I have been using ignite for quite some time now and recently I came across a change from the ModelCheckpoint I'm aware of the BC with v0.3.0.
Still I want to know if it was the intended behavior.
Before we would be able to do something like this to save parameters and optimizer:
import torch
from ignite.engine import Engine
from ignite.handlers import ModelCheckpoint
trainer = Engine(lambda batch: None)
handler = ModelCheckpoint('/tmp/models', 'myprefix', n_saved=None, create_dir=True)
model = torch.nn.Linear(3, 3)
optimizer = torch.optim.SGD(model.parameters(), lr=1e-3)
trainer.add_event_handler(Events.EPOCH_COMPLETED(every=2), handler, {"weights": model, "optimizer": optimizer})
This will save two files the optimizer /tmp/models/myprefix_optimizer_{iteration}.pth and the weights /tmp/models/myprefix_weights_{iteration}.pth.
With the breaking change now this is not working anymore because of these lines I think:
https://github.com/pytorch/ignite/blob/39c4a8e2ef9a2a6c3a6109abc395ad39316349d8/ignite/handlers/checkpoint.py#L212-L224
The filename is /tmp/models/myprefix_checkpoint_{iteration}.pth and contains the weights and the optimizer state_dict.
To have the same behavior I have to "duplicate" the last line like this
trainer.add_event_handler(Events.EPOCH_COMPLETED(every=2), handler, {"weights": model})
trainer.add_event_handler(Events.EPOCH_COMPLETED(every=2), handler, {"optimizer": optimizer})
Is this the new intended behavior for saving state_dict ?

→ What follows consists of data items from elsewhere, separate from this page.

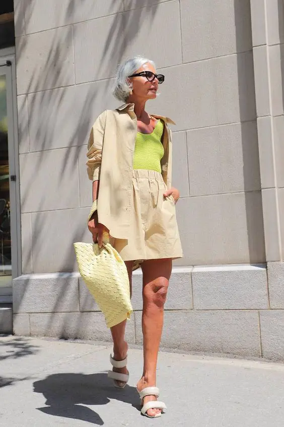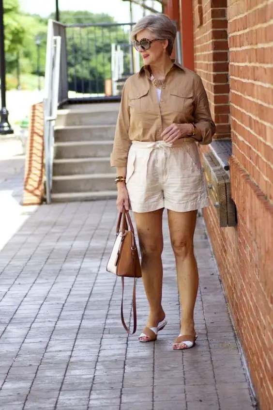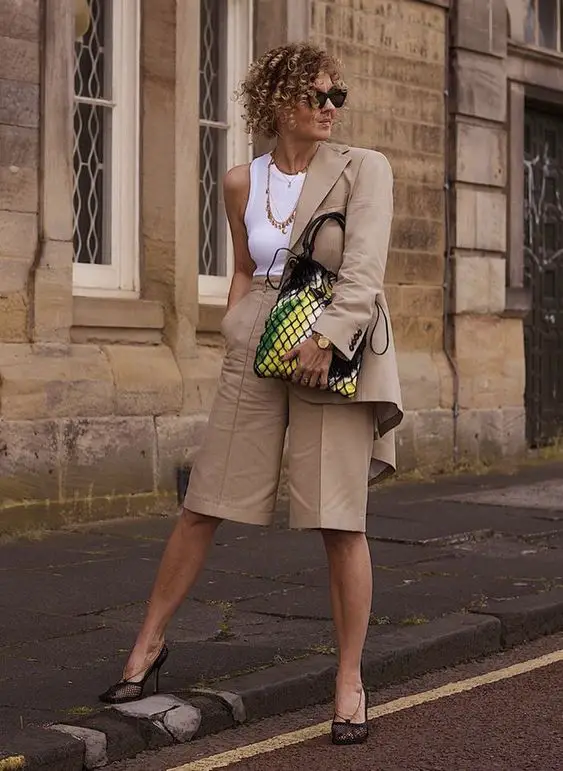Літо в місті вимагає одягу, який буде одночасно стильним і адаптованим до спеки, як-от цей ансамбль нейтральних тонів. Цей образ служить універсальним фоном для різноманітних аксесуарів, що робить його типовою частиною літнього гардеробу для жінок старше 50 років. Поєднання легкої куртки та шортів створює поєднання вишуканості та легкості – ідеально підходить для міського сафарі чи шикарного післяобіднього сніданку.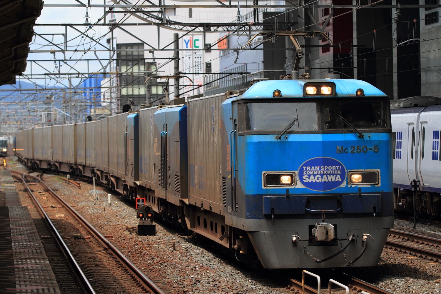 【東海道本線】5032Mと50レ撮影【285系・M250系】 H29.7.27特にノープランで4002Mに乗車し、京都へ向かっていると昨晩に架線トラブルで運転を見合わせているとの情報が。東海道本線瀬田駅付近で発生しており、下り線のみ運転再開をしたところで京都に到着。すでに回送扱いとなっていた、上り5032M(285系サンライズエクスプレス号)が茨木駅停車中だったので復旧を待ち撮影。 5032M@山崎〜島本サントリーバックで285系14両を撮影。京都駅の番線輻輳が激しく、先回りできたので山科でもう1発。 5032M@山科〜京都久々に285系を14両で撮影した気がします。特に予定は決めてなかったので、地下鉄に乗り六地蔵経由で奈良へ向かっていた際に50レ(スーパーレールカーゴ)の情報が。すぐさま奈良線で京都へ向かうとなんとか間に合い撮影。 50レ@京都〜西大路M250系は初めての撮影でした。結局、ダイヤ乱れで予定していたサンダーバード号がウヤになり、1本早い列車に変更したので滞在時間はわずかとなりましたが、貴重な記録ができました。 [0回]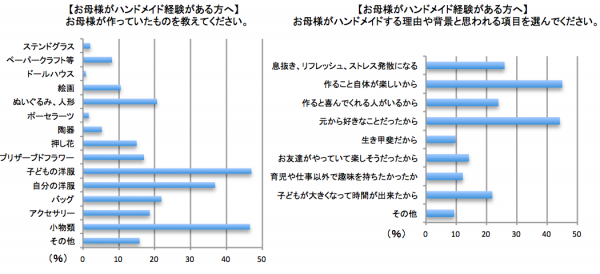 また「お母さんがハンドメイドする理由」を質問したところ「作ること自体が楽しいから」(45%)、「元から好きなことだったから」(44%)がダントツで多い結果となり、暇つぶし等といった目的というより、ハンドメイドすること自体を楽しむお母さんが多くいらっしゃることが想像できます。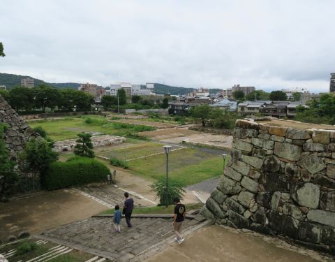 要登上冈山层的天守阁就得先经过乌城公园,其实就是冈山城前面的那一大片区域。明治时代修建的御殿、橹和门现在都也不见踪影,护城河也只剩下了内崛,大多被埋没了。公园的草坪上就有一些以前建筑的石基,在角落处还有一些穴藏的遗迹。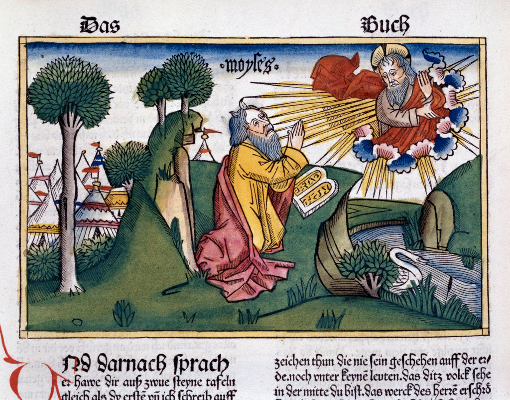Exodus 34:1-10: Moses receives the second tablets with the Ten Commandments. Facsimile copy of a 15th century manuscript of the German School.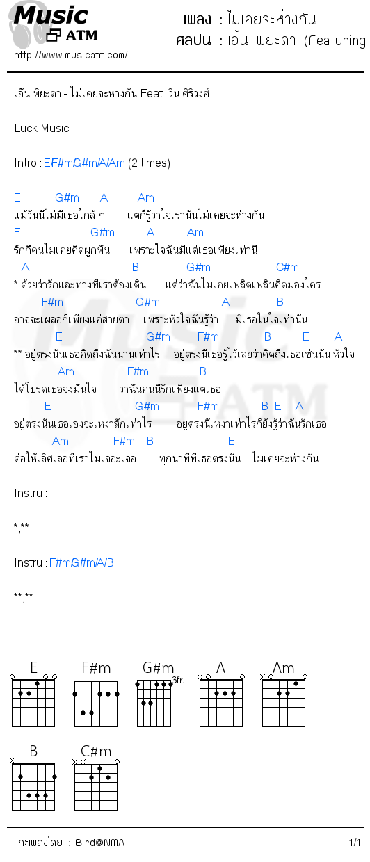 คอร์ดเพลง ไม่เคยจะห่างกัน - เอิ้น พิยะดา (Featuring วิน ศิริวงศ์)

@czotti since v0.3.0 ModelCheckpoint and Checkpoint store all objects to save in a single file instead of multiple files in previous versions. (test)
Idea is to simplify the loading of all objects to resume a training with a single torch.load:
to_load = {"model": model, ...}
checkpoint = torch.load(checkpoint_fp)
Checkpoint.load_objects(to_load=to_load, checkpoint=checkpoint)
Yes, to save in multiple files, we need to add the handler two times as you suggest.
What do you think ?
HTH
Oh I didn't know you could load the checkpoint like this, it's fine to me. Maybe add this code snippet in the documentation to show how to load the checkpoints because at first I was doing it by hand like this
checkpoint = torch.load(checkpoint_fp)
model.load_state_dict(checkpoint["model"])
optimizer.load_state_dict(checkpoint["optimizer"])
or with a for loop like the load_objects if I have more state_dict to load.
@czotti good idea, thanks ! Seems like Checkpoint.load_objects is not picked by sphinx to render the docs.
PS: if you would like to contribute to Ignite by improving our docs, do not hesitate to send a PR, it would be very helpful for us !